A infecção também pode afetar a faringe e as vias nasais, causando rinite e faringite, com secreções que variam de aspecto seroso a purulento. Em quadros mais avançados, é possível observar irritação ocular com presença de secreção característica. Quando há complicações, como infecções secundárias, o risco de evolução para pneumonia aumenta significativamente, tornando o quadro mais grave e, em casos extremos, com risco à vida do animal.

Diagnóstico e quando buscar ajuda veterinária

Segundo o Dr. Daniel Pinho, o diagnóstico da tosse dos canis costuma ser realizado de forma clínica, por meio da avaliação dos sintomas relatados pelo tutor e de um exame físico detalhado. Um procedimento comum durante a consulta é o teste de manipulação da traqueia: ao pressionar levemente essa região, cães com a doença tendem a apresentar o reflexo de tosse imediatamente.

A auscultação da traqueia e dos pulmões também é essencial para identificar ruídos anormais que possam indicar complicações respiratórias. Em determinados casos, exames complementares — como radiografias do tórax, lavados traqueobronquiais e culturas com antibiograma — podem ser solicitados para confirmar o diagnóstico ou investigar infecções secundárias.

Embora a tosse dos canis seja considerada uma doença autolimitante em animais saudáveis, com resolução espontânea entre 7 e 14 dias, isso não significa que o atendimento veterinário deva ser dispensado. A avaliação profissional é importante tanto para descartar complicações mais graves quanto para garantir maior conforto ao animal durante o período da doença.

Tratamento indicado

O tratamento da tosse dos canis é essencialmente sintomático. Antibióticos podem ser prescritos apenas quando há confirmação de infecção bacteriana, já que o uso indiscriminado desses medicamentos favorece a resistência bacteriana — um problema que, inclusive, representa risco à saúde pública.

Anti-inflamatórios esteroidais costumam ser utilizados para reduzir a inflamação das vias aéreas, enquanto antitussígenos ajudam a controlar episódios intensos de tosse, proporcionando mais conforto ao paciente. Em casos com produção excessiva de secreção, xaropes expectorantes auxiliam na eliminação do muco. A nebulização também pode ser indicada em determinados casos, permitindo que o animal inale princípios ativos que beneficiam o trato respiratório.

Prevenção: cuidados e vacinação

A prevenção da tosse dos canis passa, em primeiro lugar, pela escolha de ambientes confiáveis para deixar o animal, como pet shops e hotéis que sigam boas práticas de higiene e controle sanitário.
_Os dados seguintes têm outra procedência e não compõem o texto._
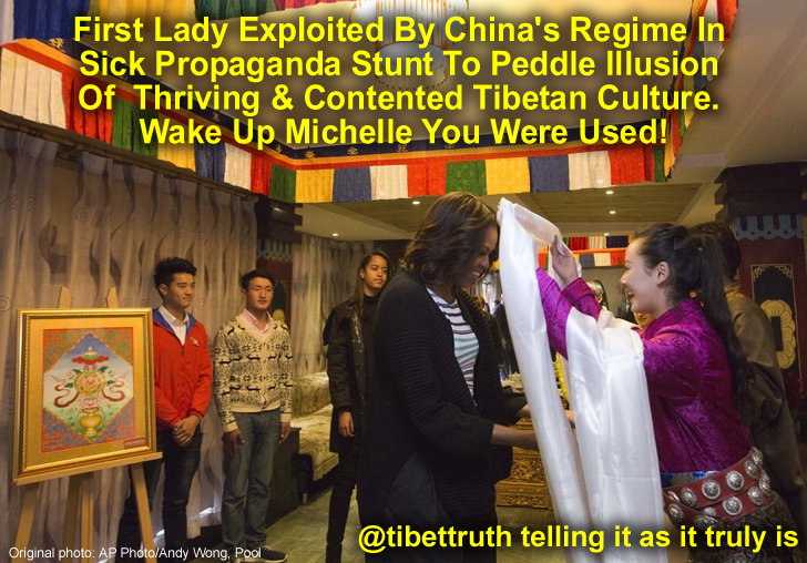 1. Your analysis is too simplistic. Michelle Obama requested to eat at a Tibetan restaurant. Of course she knew she would get presented with a certain facade. But it’s good that she ate at a Tibetan restaurant and met real Tibetans, and I am sure they appreciated her presence, despite having to act out the facade. Read between the lines here. The Tibetan staff know that MO made this request, very soon after her husband met His Holiness the Dalai Lama. The staff, MO and the Chinese government are all aware of self-immolations. Nobody is under any illusions. She was not used. But in a subtle way, she made a point. While in the PRC, she also spoke about the importance of the Tibetan language.
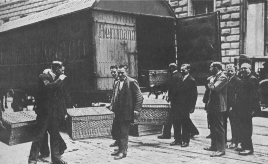 人们已经不能用钱包带钱了,图为德国人用洗衣筐搬运钞票(德国中学历史教科书插图)
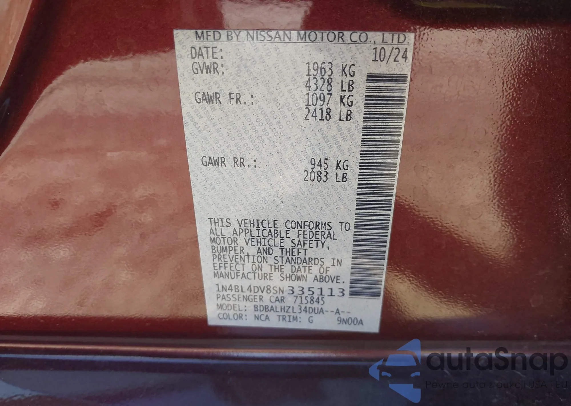 LOT: 43919935 VIN: 1N4BL4DV8SN335113
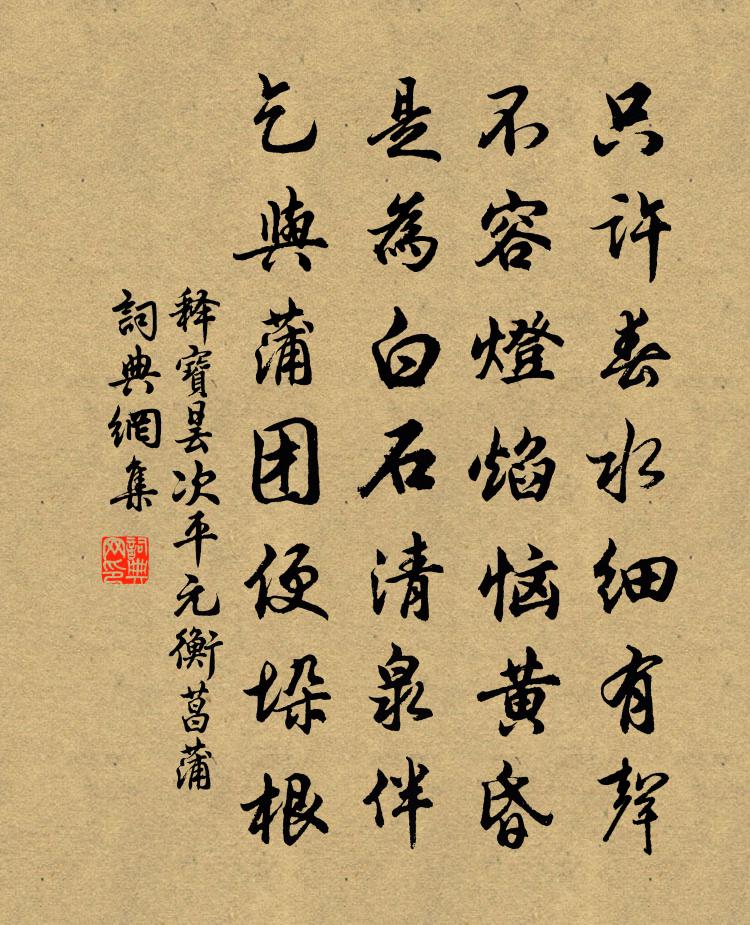 詩詞名句歷史字典書法欣賞書法字典國語詞典說文解字康熙字典古漢語字典標 題 作 者 詩 句 次平元衡菖蒲作者:釋寶曇 朝代:宋代次平元衡菖蒲原文只許春水細有聲,不容燈焰惱黃昏。是為白石清泉伴,乞與蒲1~1團便垛根。詩詞問答問:次平元衡菖蒲的作者是誰?答:釋寶曇問:次平元衡菖蒲寫於哪個朝代?答:宋代釋寶曇次平元衡菖蒲書法欣賞次平元衡菖蒲書法作品詩詞推薦天平方丈梅下見持要舊題趙孟堅〔宋代〕枯梅一樹半斜欹,繞匝行行欲詠詩。忽覿季難遺墨在,西風吹淚滿髯絲。燕河南府秀才得生字韓愈〔唐代〕吾皇紹祖烈,天下再太平。詔下諸郡國,歲貢鄉曲英。元和五年冬,房公尹東京。功曹上言公,是月當登名。乃選送陳表道倅岳陽樓鑰〔宋代〕垂上青雲去,如何乘貳車。輕為千里別,時寄幾行書。剸劇才無滯,傳家學有餘。當塗足知己,應不費吹噓。滿江紅 中秋夜潮史達祖〔宋代〕萬水歸陰,故潮信、盈虛因月。偏只到、涼秋半破,鬥成雙絕。有物揩磨金鏡淨,何人拿攫銀河決。想子胥、今夜送張錄事誠二首方回〔宋代〕歙州江見底,錄事亦如之。休吏早封印,訪僧閒著棋。舊鞍羸馬出,矮屋破簾垂。行處與住處,官清人不知。醉蓬萊(壽)張元乾〔宋代〕對小春桃艷,曲室爐紅,乍寒天氣。七葉蓂開,應金章通貴。夢草銀鉤,燦花珠唾,是素來風味。滿腹經綸,回天慶梅州劉侯修葺程鄉學宮落成三章林陶〔宋代〕宣聖南面,珠旒袞章。十哲侑坐,群賢繢廊。六齋分列,國小峙傍。談經議道,春祠秋嘗。菩薩蠻·風柔日薄春猶早李清照〔宋代〕風柔日薄春猶早,夾衫乍著心情好。睡起覺微寒,梅花鬢上殘。故鄉何處是?忘了除非醉。瀋水臥時燒,香消酒未臨江仙杜安世〔宋代〕太史占天雲物好,初陽律合黃鍾。日纏南極北郊風。雪花先柳絮,飛舞透簾櫳。聖運時和兼歲稔,歌歡處處皆同。昭君村蘇轍〔宋代〕峽女王嬙繼屈須,入宮曾不愧秦姝。一朝遠逐呼韓去,遙憶江頭捕鯉魚。江上大魚安敢釣,轉柁橫江筋力小。深邊喜雨示兒侄丘葵〔宋代〕維天降靈雨,雖遲良勝無。百穀頓蘇蘇,民憂不少紓。次韻江朝宗梅花高文虎〔宋代〕新新數點照疎籬,又折今生第一枝。只為知心無著處,雪中獨立最多時。有嘆蘇泂〔宋代〕古屋殘僧住,孤墳亂蟻穿。山稜人踏減,灘石浪搓圓。毀譽無終日,功名有百年。予方辜壯負,渠得戀華顛。殘花韓偓〔唐代〕餘霞殘雪幾多在,蔫香冶態猶無窮。黃昏月下惆悵白,清明雨後寥梢紅。樹底草齊千片淨,牆頭風急數枝空。西園再題浯溪盧察〔宋代〕逆孽滔天亂大倫,忠邪淆雜竟何分。欲知二聖巍巍力,止在浯溪一首文。贈皎然上人周賀〔唐代〕竹庭瓶水新,深稱北窗人。講罷見黃葉,詩成尋舊鄰。錫陰迷坐石,池影露齋身。苦作南行約,勞生始問津。流夜郎題葵葉李白〔唐代〕慚君能衛足,嘆我遠移根。白日如分照,還歸守故園。頌一百則釋重顯〔宋代〕翠岩示徒,千古無對。關字相酬,失錢遭罪。潦倒保福,抑揚難得,嘮嘮翠岩,分明是賊。白珪無玷,誰辨真假。和三鄉詩李昌鄴〔唐代〕紅粉蕭娘手自題,分明幽怨發雲閨。不應更學文君去,泣向殘花歸剡溪。三月十六日作陸游〔宋代〕石筍街西風景幽,醉眠萬事付悠悠。倦遊我已七年客,促駕春無三日留。枝上蝶稀紅藥老,舍中蠶起綠桑柔。功名名句推薦天際兩蛾凝黛,愁與恨、幾時極。韓元吉《霜天曉角·題採石蛾眉亭》 蜂須輕惹百花心,蕙風蘭思寄清琴。薛昭蘊《浣溪沙·握手河橋柳似金》 天闕象緯逼,雲臥衣裳冷杜甫《游龍門奉先寺》 性靈熔匠,文章奧府。淵哉鑠乎,群言之祖。劉勰《文心雕龍·宗經》 目妄視則淫,耳妄聽則惑,口妄言則亂。劉安及其門客《淮南子·主術訓》 暮雲收盡溢清寒。銀漢無聲轉玉盤。蘇軾《陽關曲 / 中秋月》 風蒲獵獵小池塘。過雨荷花滿院香。李重元《憶王孫·夏詞》 沉憂能傷人,綠鬢成霜蓬。李白《怨歌行》 西風滿天雪,何處報人恩。齊己《劍客》 來歲花前。又是今年憶去年。呂本中《減字木蘭花·去年今夜》
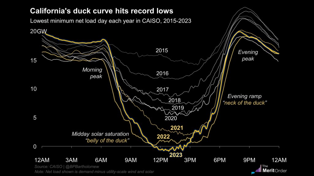 This is what gets called the ‘duck curve’ – the reason the belly of the duck gets lower year on year is the amount of solar production that is being added, creating tons of energy in the middle of the day.
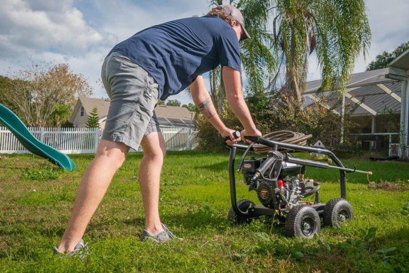 In terms of wish list items, there arenโt many for this unit. However, one is for handles that reach up higher. Whether they pivot and lock or remain fixed, another 10 inches of height would let us move the pressure washer without having to bend over.
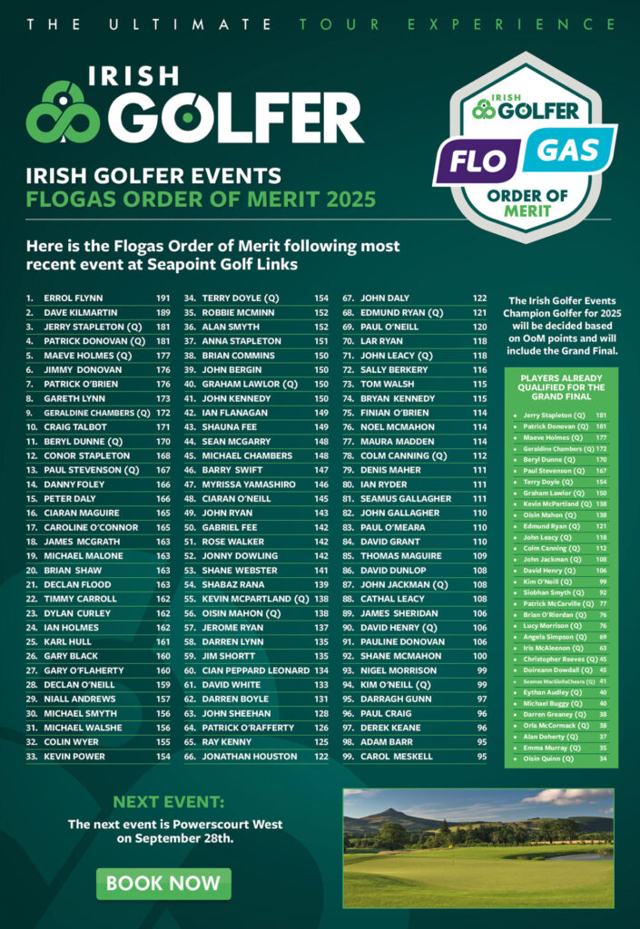 The Flogas Order of Merit for the Irish Golfer Events Series 2025 is now updated following the most recent event at Seapoint Golf Links.

Existem ainda vacinas específicas contra a doença, disponíveis nas versões injetável e nasal. A vacina injetável não impede totalmente a infecção, mas reduz significativamente a intensidade dos sinais clínicos. Já a vacina nasal estimula a produção local de anticorpos, agindo diretamente no ponto de entrada do agente infeccioso — o trato respiratório.

A tosse dos canis é uma condição comum, especialmente em períodos de clima frio e seco, mas que pode ser evitada e tratada com os cuidados adequados. Manter a vacinação em dia, evitar ambientes de risco e procurar atendimento veterinário diante dos primeiros sinais são medidas essenciais para garantir a saúde respiratória e o bem-estar do cão.